Погода тогда была дождливая, и мы Абрамову подарили бродни, это такие высокие резиновые сапоги. Вот мы едем по большому озеру, которое называется Бабье море, а оно то глубокое, то мелкое, и надо часто выходить из лодки и толкать ее. Абрамов про это озеро заметил: «Ну совсем женский характер».

Приехали в Пустозерск. Федор Александрович интересуется всем: что там за трава, а вот этот цветок как называется, а здесь что за растение. Очень он удивлялся заполярной природе, говорил, глядя на ­какие‑то заросли кустарника на песке: «Вот здесь только так и можно, друг за друга держаться!» Мы уже все вымокли, Михайлов его зовет: «Пойдем, сколько можно!» — ​«Нет, еще минутку, еще погодите».

Когда ехали обратно, то привернули в дом наших знакомых Хайминых. И вот мы заезжаем к ним все промокшие, а в доме тепло, печь натоплена. На столе — ​приготовленная рыба, которую утром выловил старший сын, тоже Федор. Все стали над печкой развешивать вымокшую одежду. Абрамов повесил свою куртку на середину, а Виктор — ​раз, и отодвинул ее, чтоб свою пристроить. Федор Александрович сразу же возразил: «Ты мой ­интерес‑то соблюдай!»

Когда сели за стол, зашел разговор о литературе, о Евтушенко, который очень не нравился Абрамову. Федор Александрович утверждал, что литература — ​это страдание. Возьми Пастернака, Цветаеву — ​каждое их стихотворение — ​боль. Много говорили о разных писателях. Абрамов утверждал, что нет у нас никакой свободы в литературе, Михайлов спорил с ним.

Тут дети забегали. У Хайминых их шестеро: старший Федор, потом Михаил, Андрей, Марина, Надежда и маленькая Агаша. Она выглянула из‑за занавески, гость спросил, кто это. Хозяева сказали, что это младшенькая, Ганя. «А-га-ша», — ​протянул Федор Александрович, и все рассмеялись. Сейчас она живет в Нарьян-­Маре. И вот когда ­кто‑то хочет ее уколоть, говорит: «Ну что, А-га-ша…» На Печоре Агафью так никогда не звали, только Ганя. Абрамов тогда сказал, что когда девочка вырастет, то поблагодарит родителей за имя. А она выросла и имя сменила, став Ганной.

После Хайминых мы отправились дальше, предстояло снова ехать несколько часов в лодке. И вот едем мы, и Абрамов завел разговор о том, насколько бесправен писатель. Он сетовал, что не может опубликовать то, что хочет. Рассказывал, как очень хотел напечатать один правдивый рассказ о военном, но «Новый мир» не принял текст. «Я даю пять рассказов, среди которых всовываю это произведение, — ​делился писатель. — ​Они четыре берут, а этот — ​нет». Он мечтал иметь возможность публиковать все, что захочется. Но тогда все авторы жили с оглядкой, писали только то, что точно возьмут издатели, а написанное в стол могло так и остаться в столе. Приходилось изворачиваться.

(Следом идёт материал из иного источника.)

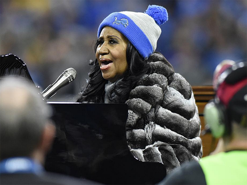 Aretha Franklin interpretó este jueves el himno nacional de Estados Unidos durante el partido de futbol americano del Día de Acción de Gracias
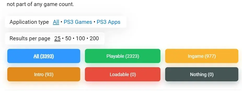 이것은 위에서 본 백분율과 일치하고 에뮬레이터의 총 게임 수를 3393 으로 가져옵니다 . 따라서 RPCS3 에뮬레이터에는 플레이어가 즐길 수 있는 3,000개 이상의 PlayStation 3 게임이 있습니다. 플레이어가 향수를 되살릴 수 있도록 에뮬레이터에서 점점 더 많은 게임을 볼 수 있기를 바랍니다.
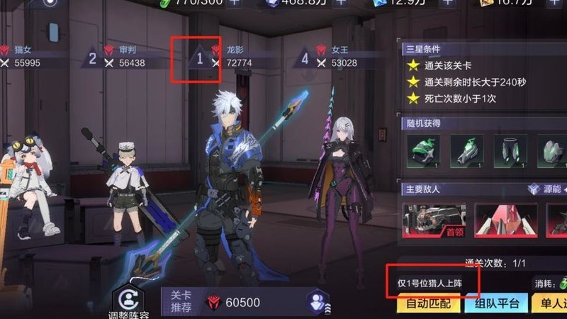 单人匹配建议上阵,若未拥有可替换为,并手动操控以提升战斗表现。
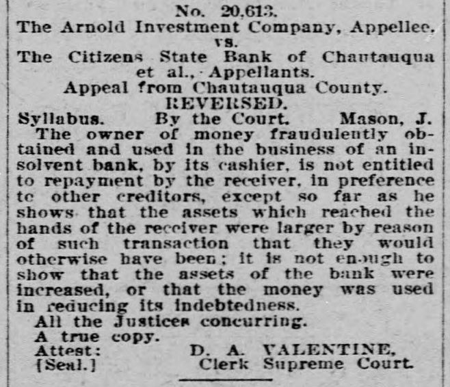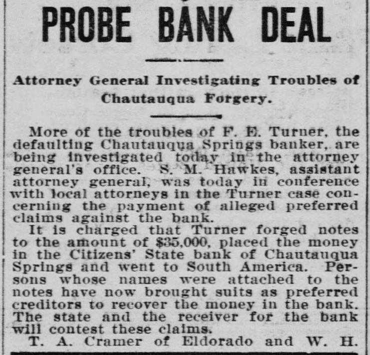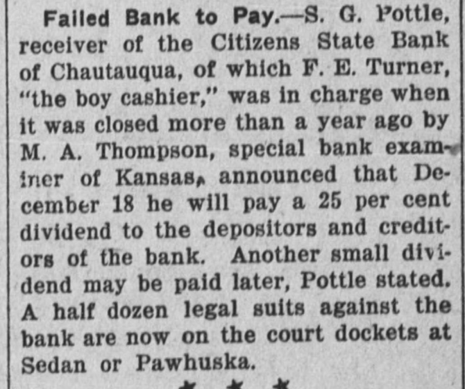 Failed Bank to Pay.-S. G. Pottle, receiver of the Citizens State Bank of Chautauqua, of which F. E. Turner, "the boy cashier," was in charge when it was closed more than a year ago by M. A. Thompson, special bank examiner of Kansas, announced that December 18 he will pay a 25 per cent dividend to the depositors and creditors of the bank. Another small dividend may be paid later, Pottle stated. A half dozen legal suits against the bank are now on the court dockets at Sedan or Pawhuska.
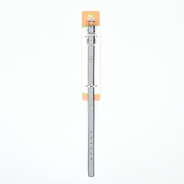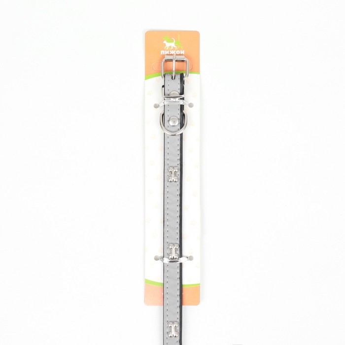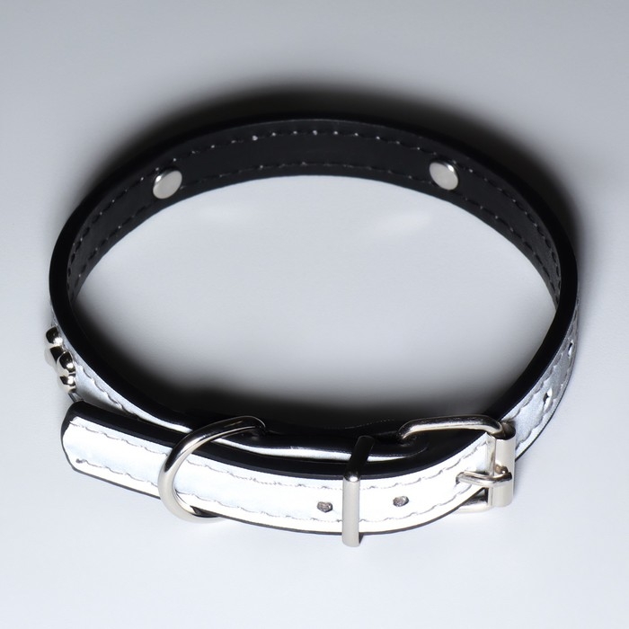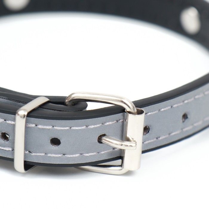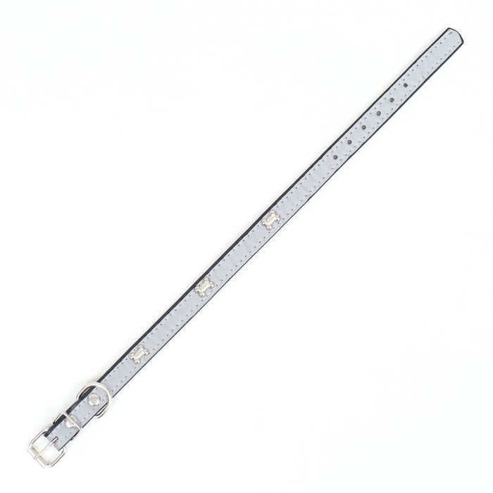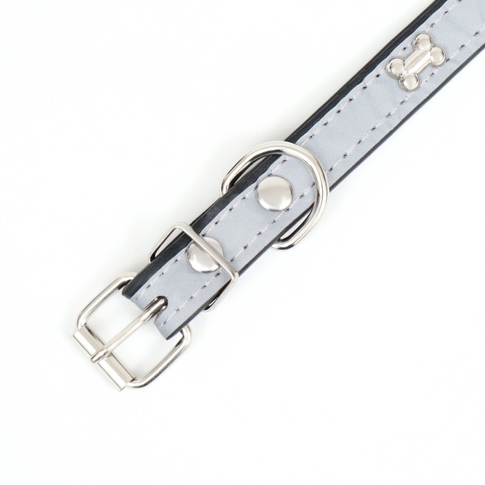 Ошейник с косточками светоотражающий, 37 х 1,3 см, ОШ 26-33, чёрный

«Наполеон» и морошка со сметаной

Федор Александрович рассказывал о своем детстве, как он с другими подростками организовал антисоветскую команду. Их раскрыли, арестовали и посадили в сарай. Возможно, взрослым не захотелось портить жизнь мальчишкам. Им подсовывали еду в щели, а потом ребят и вовсе выпустили. Это был урок для них.

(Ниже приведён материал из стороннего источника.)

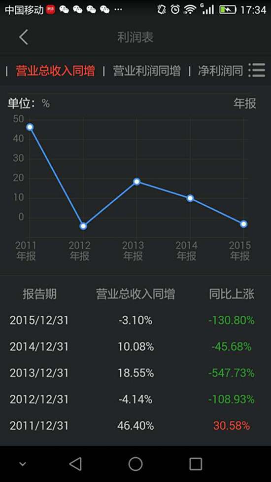 事實(shí)上,夢(mèng)潔家紡如此大規(guī)模動(dòng)作進(jìn)行轉(zhuǎn)型的背后,是其近年來經(jīng)營業(yè)績的不斷下滑。億邦動(dòng)力網(wǎng)從同花順數(shù)據(jù)了解到,從2011年到2015年,夢(mèng)潔家紡營業(yè)收入同比增速和凈利潤同比增速不斷下降(如圖2、3),其中營業(yè)收入同比增速從2011年的46.40%下降到2015年的-3.10%。
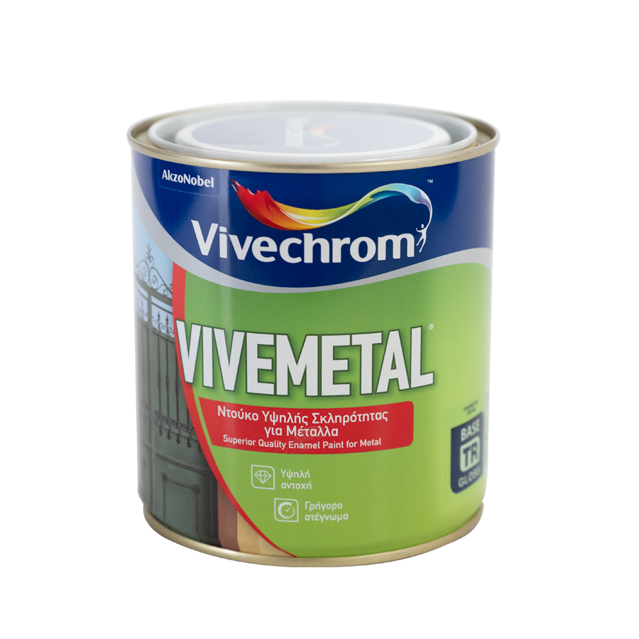 VIVEMETAL is tough and durable enamel paint for metals. It has excellent durability, dries fast and withstands in hits and weather which make VIVEMETAL ideal coating for doors, railings, ironwork, tools, industrial equipment, machinery, as well as any surface where an excellent gloss or satin finish is desired. The excellent quality raw materials give VIVEMETAL a high gloss and shade retention in the most adverse weather conditions. For faster drying and maximum hardness one can add VIVEHARD hardener. It is available in packs of 750mL and 2.5Lt, in white and black, in RAL shades and in unlimited number of shades through VIVECHROM’s tinting system CHROMOSYNTHESIS.

Когда вернулись в Нарьян-­Мар, пригласили Абрамова к нам в дом. Федор Александрович побывал у нас в гостях в очень интересный момент. Мы жили в деревянном доме на первом этаже. Пока я была в отъезде, в квартире над нами произошел пожар, и, когда его тушили, полностью залили и нашу квартиру. Я возвратилась домой и увидела, что по комнатам можно ходить только в броднях. Вот в такую квартиру после потопа и приехал к нам Абрамов. А днем раньше мы отмечали день рождения Виктора, и я испекла торт «Наполеон», чтобы хоть ­как‑то его порадовать. Мы угостили тортом и гостя, оказалось, что это его любимый десерт. А еще угощали морошкой со сметаной, как всегда едят в Заполярье. На Пинежье ее так не готовят. Абрамов опять удивился: «Это как?» А потом говорит: «Вкусно!»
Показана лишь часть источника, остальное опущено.